生命線の基本
生命線は、手相の三大線のひとつで、親指の付け根(金星丘)のあたりから始まり、親指側に弧を描いて伸びる線です。東洋式では「地紋」とも呼ばれます。生命線は体力・生命力の強さはもちろん、家庭運や生活環境の変化を読み取ることができます。生命線が長い=寿命が長いという説がありますが、これは大きな誤解です。生命線の長さと寿命は直接関係ありません。
生命線のハリ具合で分かる性格と運勢
生命線の起点の位置によって、その人の性格や傾向が異なります。
黄色線:人差し指側の起点(充実型)
起点が人差し指の方向に近い場合、エネルギーに満ちあふれ、行動力があり、目標に向かって積極的に進むタイプです。体力も旺盛で、リーダーシップを発揮しやすいでしょう。
赤線:中間の起点(標準型)
起点が人差し指と中指の中間あたりにあるのが一般的なパターンです。バランス感覚に優れ、周囲と協調しながら穏やかに暮らすタイプです。
青線:親指側の起点(弱い型)
起点が親指よりに寄っている場合、エネルギーが弱く、体力に不安を感じやすいタイプです。内向的で、消極的な面が見られることがあります。
生命線が短い場合
生命線が短いからといって、寿命が短いわけではありません。短い生命線は、体力が弱めであったり、家庭環境に変化が生じやすかったりすることを示しています。病気になりやすい体質であったり、生活環境が不安定になりやすい傾向があるかもしれません。ただし、努力次第で十分にカバーできます。
生命線が長い場合
生命線が長いということは、生命力が強く、回復力が高いことを示しています。困難な状況に陥っても、体力と精神力で乗り越えられるタイプです。ただし、長いからといって油断は禁物。妨害線が入っていないかを確認しましょう。流年(年齢の時期)ごとの線の状態をチェックすることで、より正確な運勢を読み取ることができます。
二重生命線
二重の生命線がある場合、体力・活動力が平均以上であることを示しています。一本の線が薄くても、二本あることでその弱さをカバーしてくれます。病気やケガからの回復力も高く、頑丈な体質の持ち主と言えるでしょう。
旅行・海外線
生命線の末端が二股に分かれている場合、それは「旅行線」や「海外線」と呼ばれます。
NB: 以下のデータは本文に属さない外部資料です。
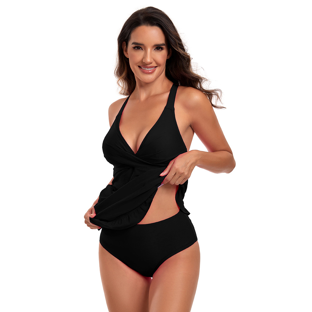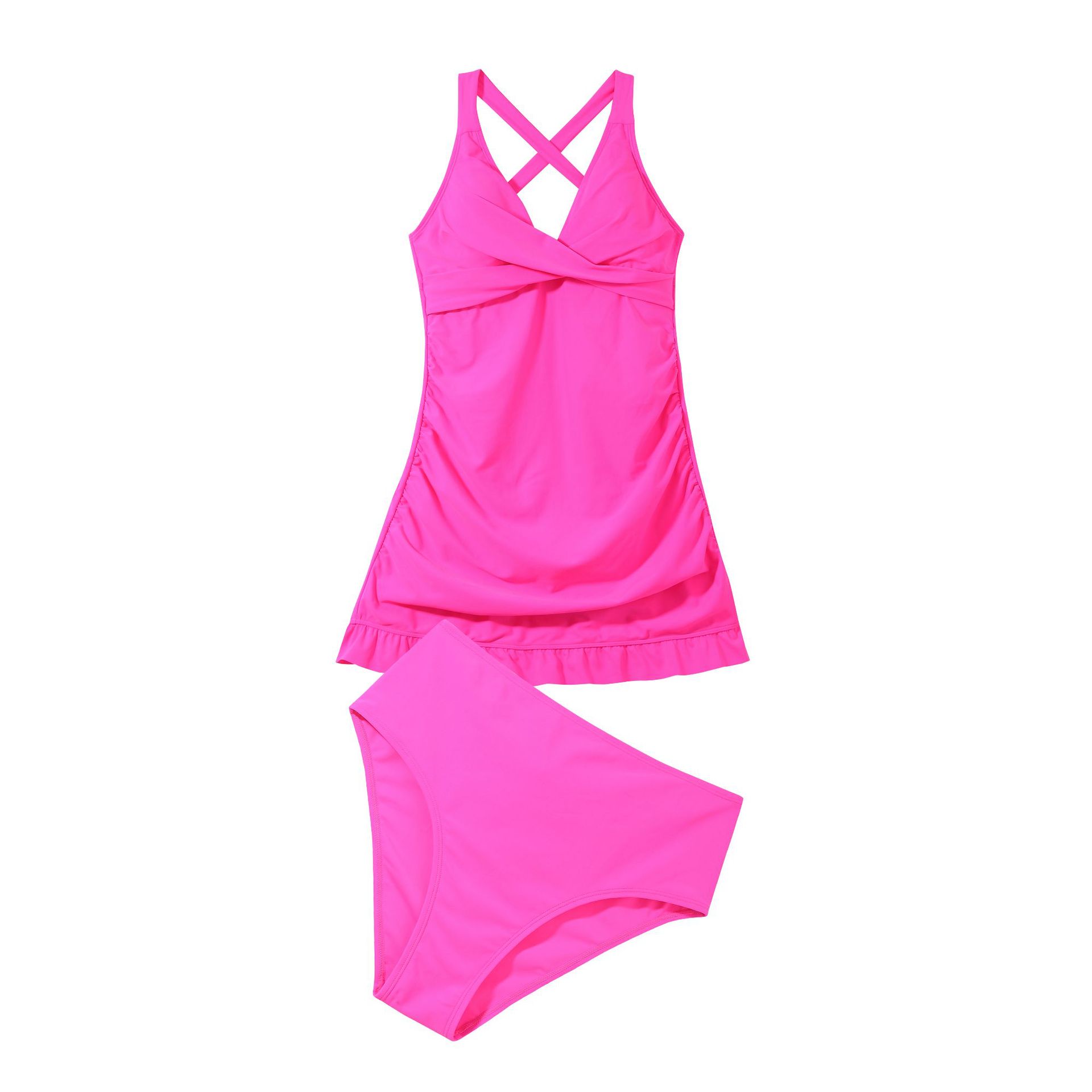 아마존 대외 무역 2024 유럽과 미국의 여름 스커트 Tankini 딥 V 솔리드 컬러 스트랩 코드 분할 수영복 여성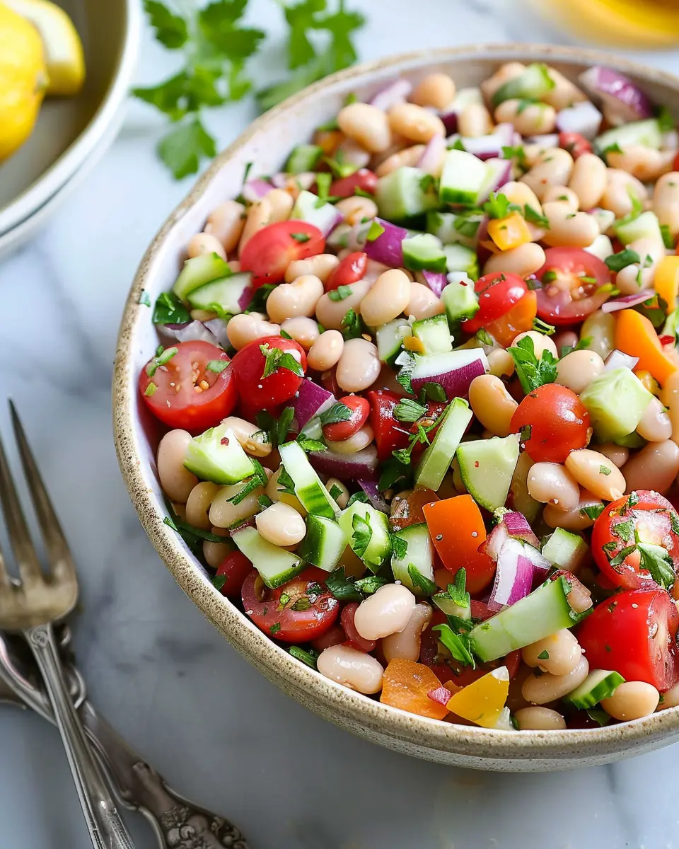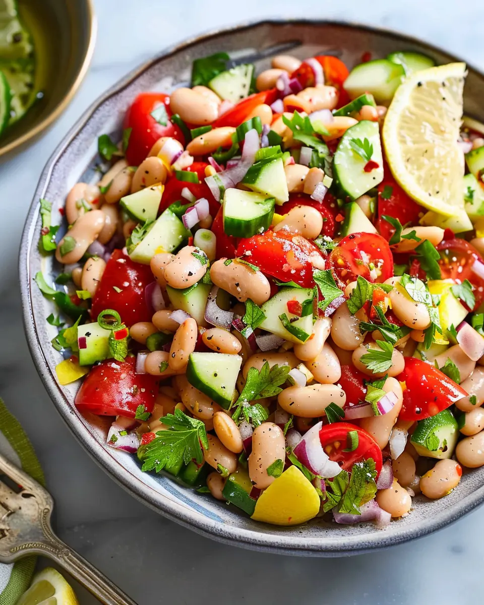 In summary, this easy lemon-marinated bean and vegetable salad is a vibrant addition to any meal, combining nutrition and flavor in a way that’s both satisfying and refreshing. Whether you’re prepping for a picnic or simply looking to elevate your weeknight dinner, this salad offers a simple way to achieve your health goals.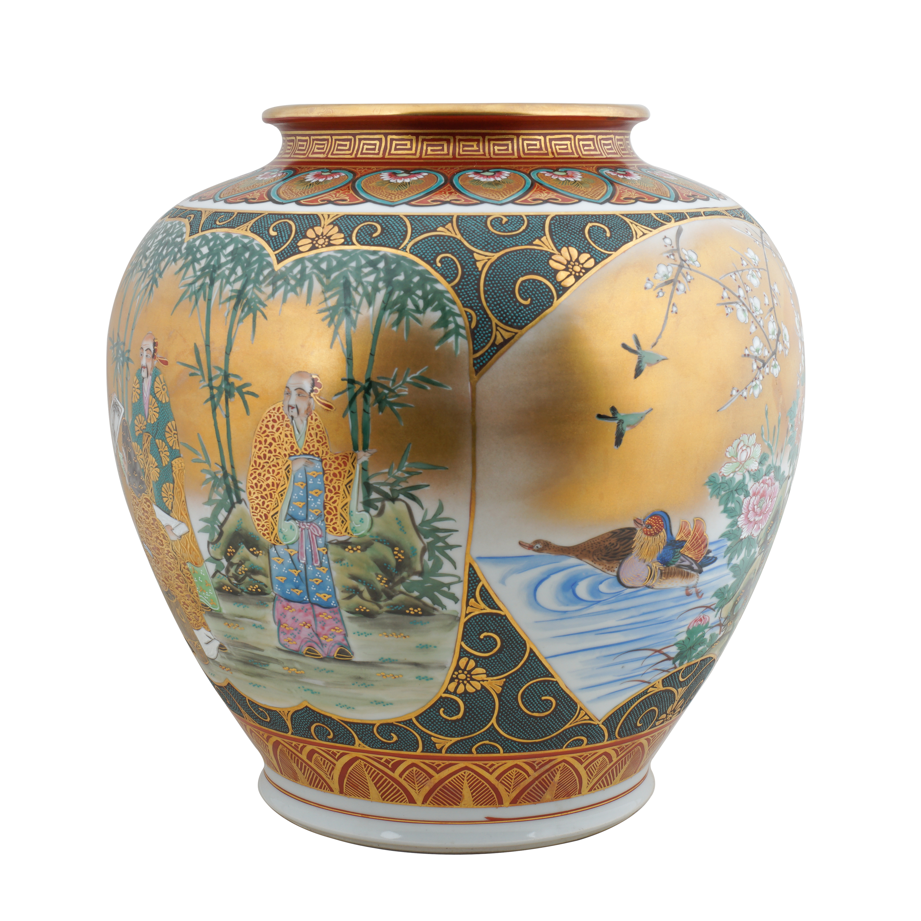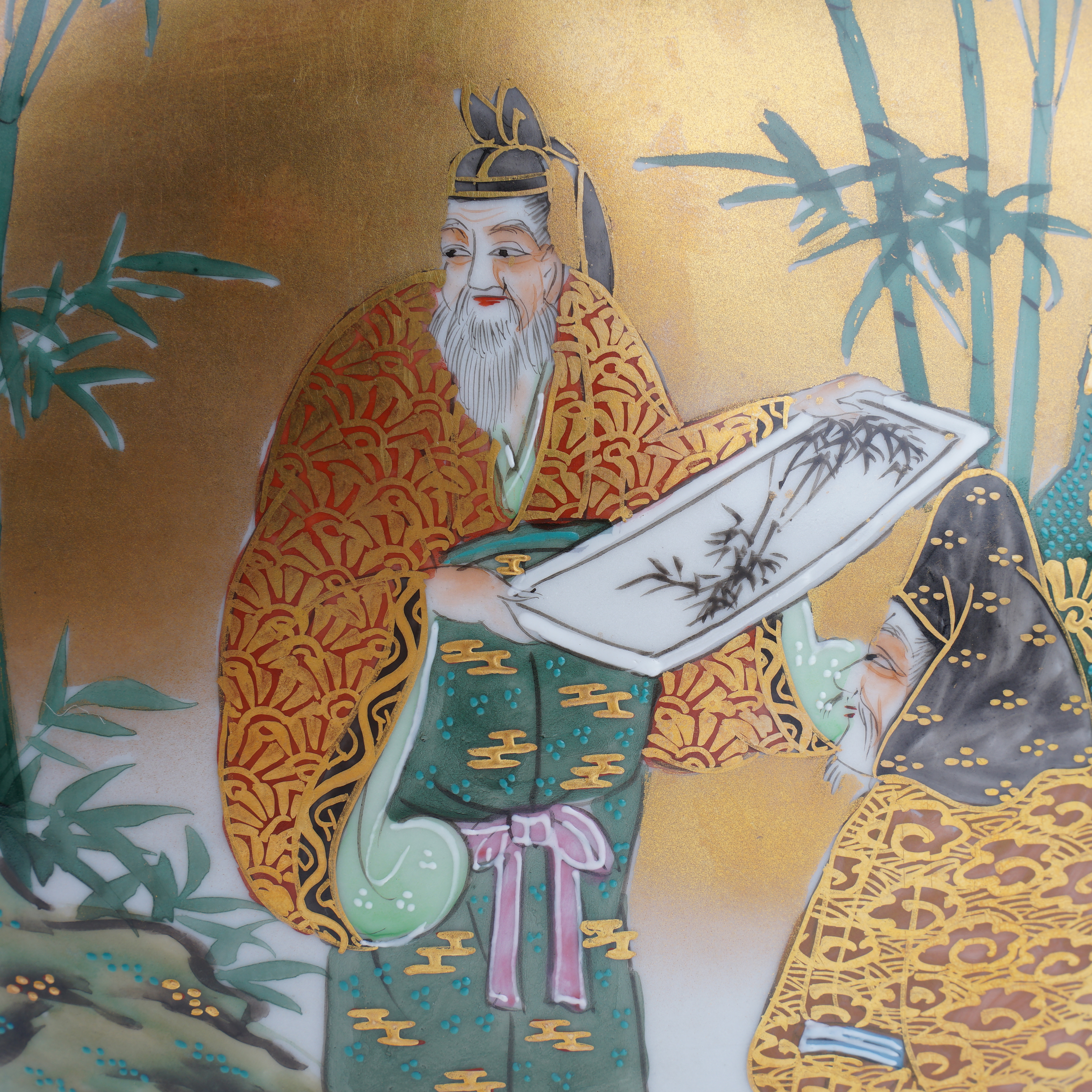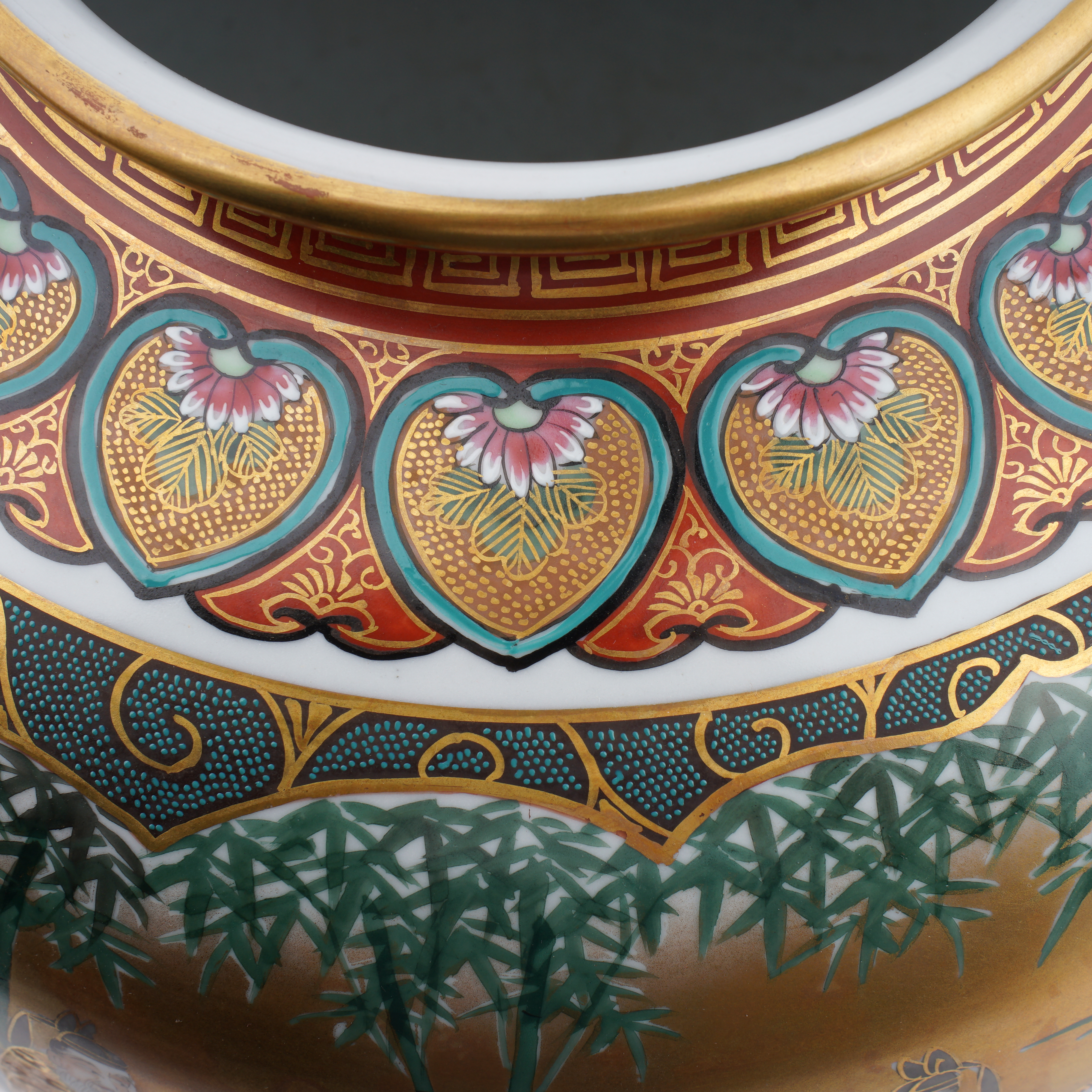 Фарфор, надглазурная ручная роспись с использованием золота, техника аочибу. Стиль кодофу кинсаде. Печать, клеймо.

海外在住や頻繁な海外出張の可能性を示唆しています。海外で活躍するチャンスがあるでしょう。
放蕩線
生命線の末端が月丘(手首に向かう小指側の部分)に向かって伸びる線を「放蕩線」と呼びます。放浪生活や自由を求める傾向を表し、クリエイティブな志向を持つ人に多く見られます。芸術家やフリーランスの人に多いパターンです。
パートナー線
生命線に沿うように非常に薄い平行線が現れる場合、これを「パートナー線」と呼びます。パートナーが出現する時期を示しており、その線の位置によって大体いつ頃パートナーに出会うかを読み取ることができます。
生命線の凶象意
生命線に現れる凶象意にはいくつかの種類があり、その強さが異なります。
島紋(しまもん)
島のような楕円形が線に現れることで、体調不良や健康面でのトラブルを示しています。島が大きいほど影響が長期間に及ぶことを意味します。
切れ(きれ)
生命線が途中で途切れることは、病気や事故などの大きな出来事が起きる可能性を示唆しています。最も注意が必要な凶象意のひとつです。
妨害線(ぼうがいせん)
生命線を横切るように入る短い線を妨害線と呼びます。事故や精神的な痛手を受ける可能性を示しています。島や切れと比べると影響は比較的軽度です。
凶象意の強さの比較
凶象意の強さを比較すると、以下の順になります。
妨害線 < 島 < 切れ
妨害線が一番影響が軽く、切れが最も重い凶象意となります。ただし、いずれの場合も手相だけで人生が決まるわけではありません。あくまで参考程度にとどめましょう。
最後に重要なこと:生命線の長さは寿命とは一切関係ありません。短い生命線の人でも長生きする人はたくさんいます。手相はあくまで傾向を知るツールとして活用しましょう。